■ ASSIGNMENT
Two lines below mark the span: the one containing "银杏飘金时分,我院来华留学生" and the one containing "欧元兑美元在周五早间突破0.". Set down both, plus every line between, exactly as they stand, and nothing else.

■ INFORMATION SHOWN
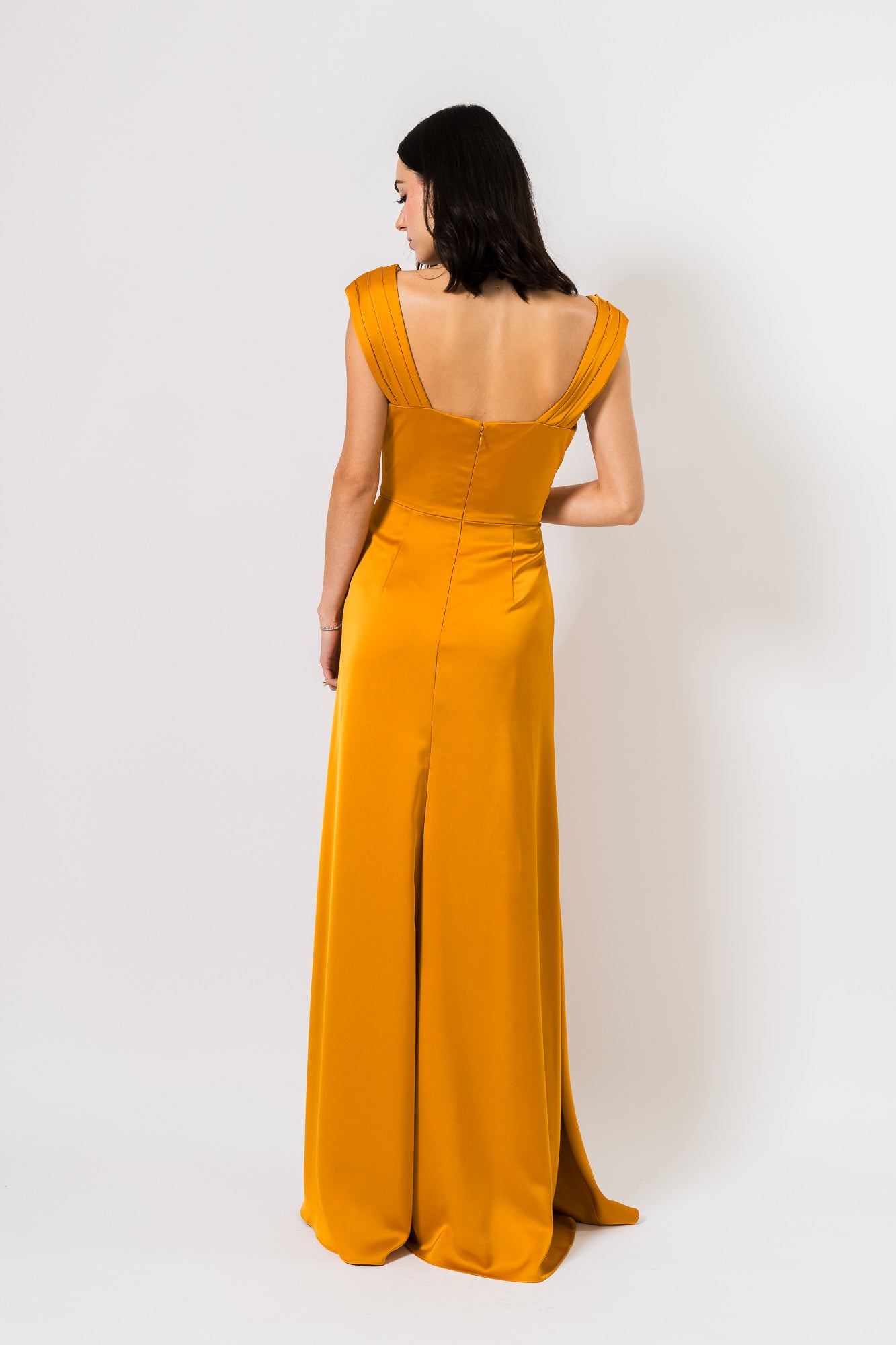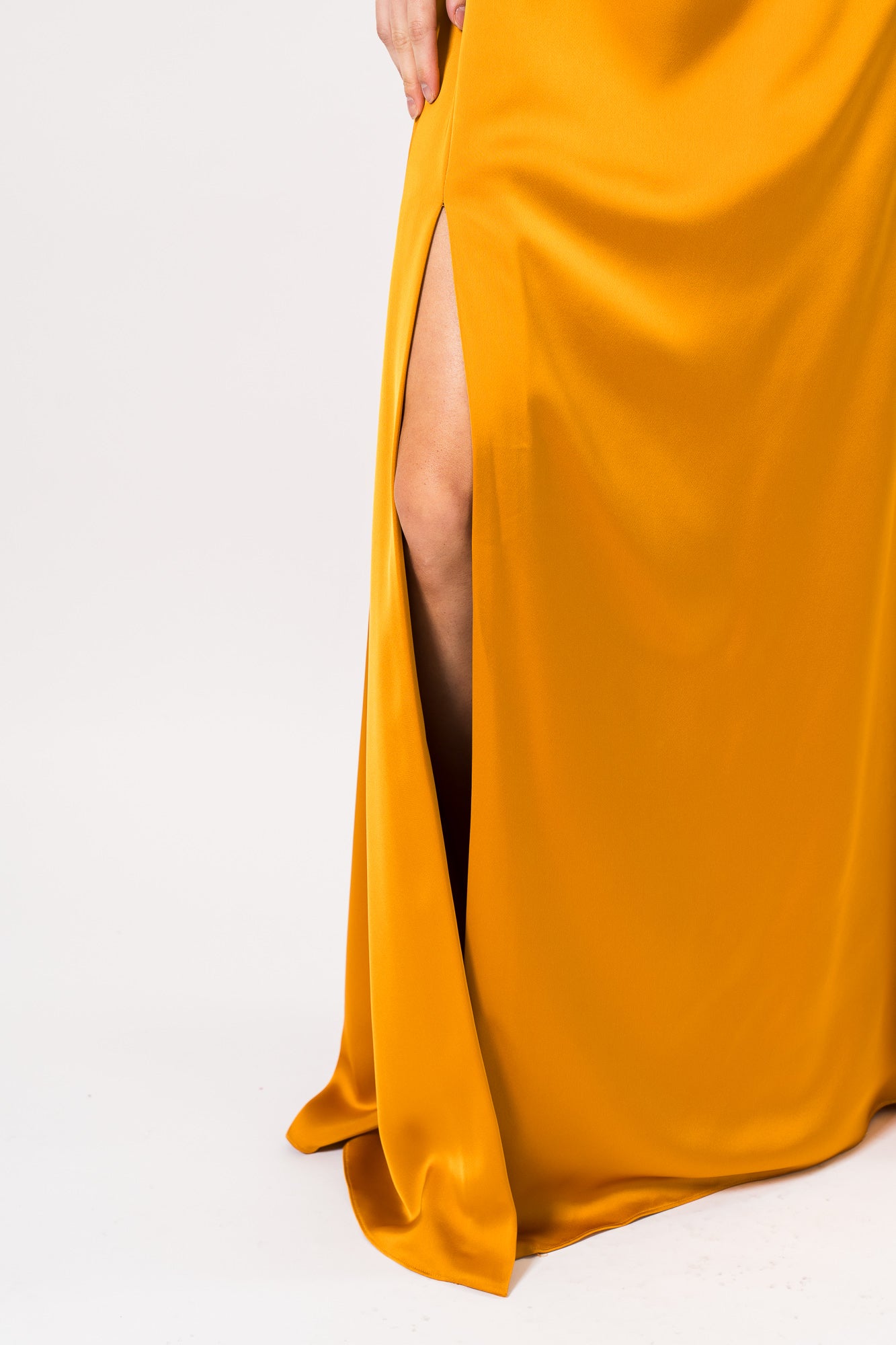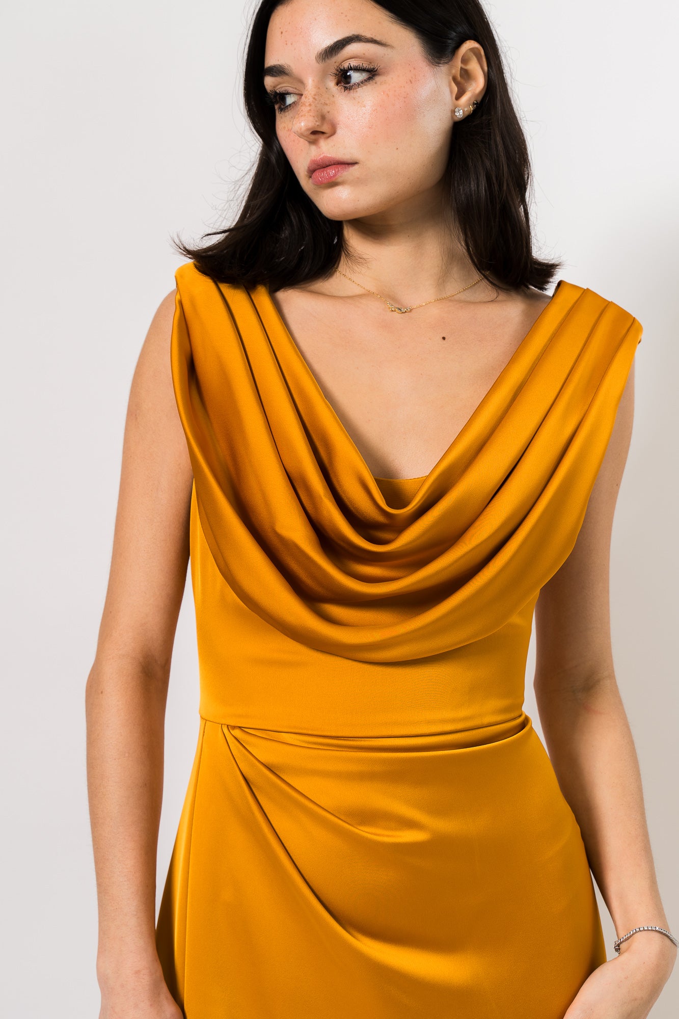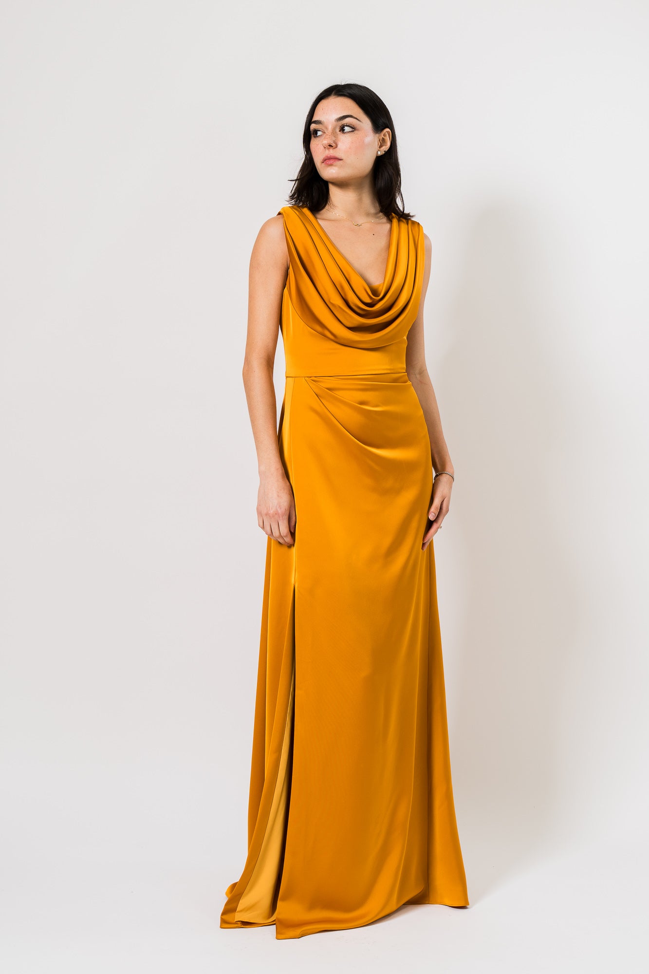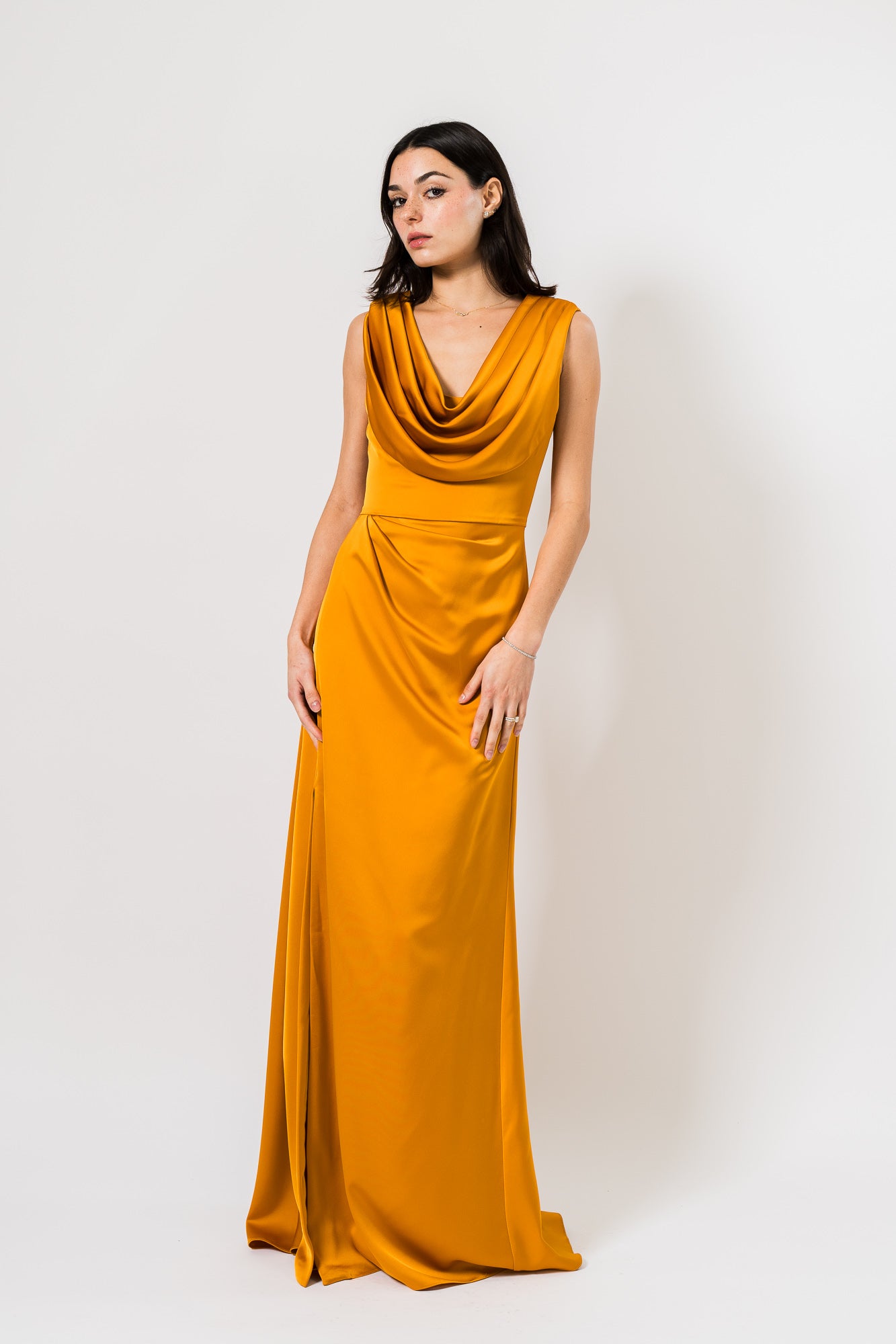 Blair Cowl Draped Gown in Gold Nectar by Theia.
==
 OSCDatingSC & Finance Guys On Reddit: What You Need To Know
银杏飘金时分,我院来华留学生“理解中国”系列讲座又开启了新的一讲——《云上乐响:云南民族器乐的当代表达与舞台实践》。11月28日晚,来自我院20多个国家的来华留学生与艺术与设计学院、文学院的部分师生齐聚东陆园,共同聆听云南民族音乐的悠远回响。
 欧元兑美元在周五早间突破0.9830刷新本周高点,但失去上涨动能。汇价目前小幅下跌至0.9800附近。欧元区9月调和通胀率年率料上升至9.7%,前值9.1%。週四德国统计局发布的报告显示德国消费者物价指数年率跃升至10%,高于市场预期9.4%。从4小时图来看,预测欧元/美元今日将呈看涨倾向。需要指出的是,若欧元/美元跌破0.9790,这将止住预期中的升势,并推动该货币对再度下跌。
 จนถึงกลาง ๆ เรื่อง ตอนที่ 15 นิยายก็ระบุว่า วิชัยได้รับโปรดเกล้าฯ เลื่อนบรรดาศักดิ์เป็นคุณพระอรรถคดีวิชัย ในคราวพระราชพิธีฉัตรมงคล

■ TASK ANSWER
银杏飘金时分,我院来华留学生“理解中国”系列讲座又开启了新的一讲——《云上乐响:云南民族器乐的当代表达与舞台实践》。11月28日晚,来自我院20多个国家的来华留学生与艺术与设计学院、文学院的部分师生齐聚东陆园,共同聆听云南民族音乐的悠远回响。
 欧元兑美元在周五早间突破0.9830刷新本周高点,但失去上涨动能。汇价目前小幅下跌至0.9800附近。欧元区9月调和通胀率年率料上升至9.7%,前值9.1%。週四德国统计局发布的报告显示德国消费者物价指数年率跃升至10%,高于市场预期9.4%。从4小时图来看,预测欧元/美元今日将呈看涨倾向。需要指出的是,若欧元/美元跌破0.9790,这将止住预期中的升势,并推动该货币对再度下跌。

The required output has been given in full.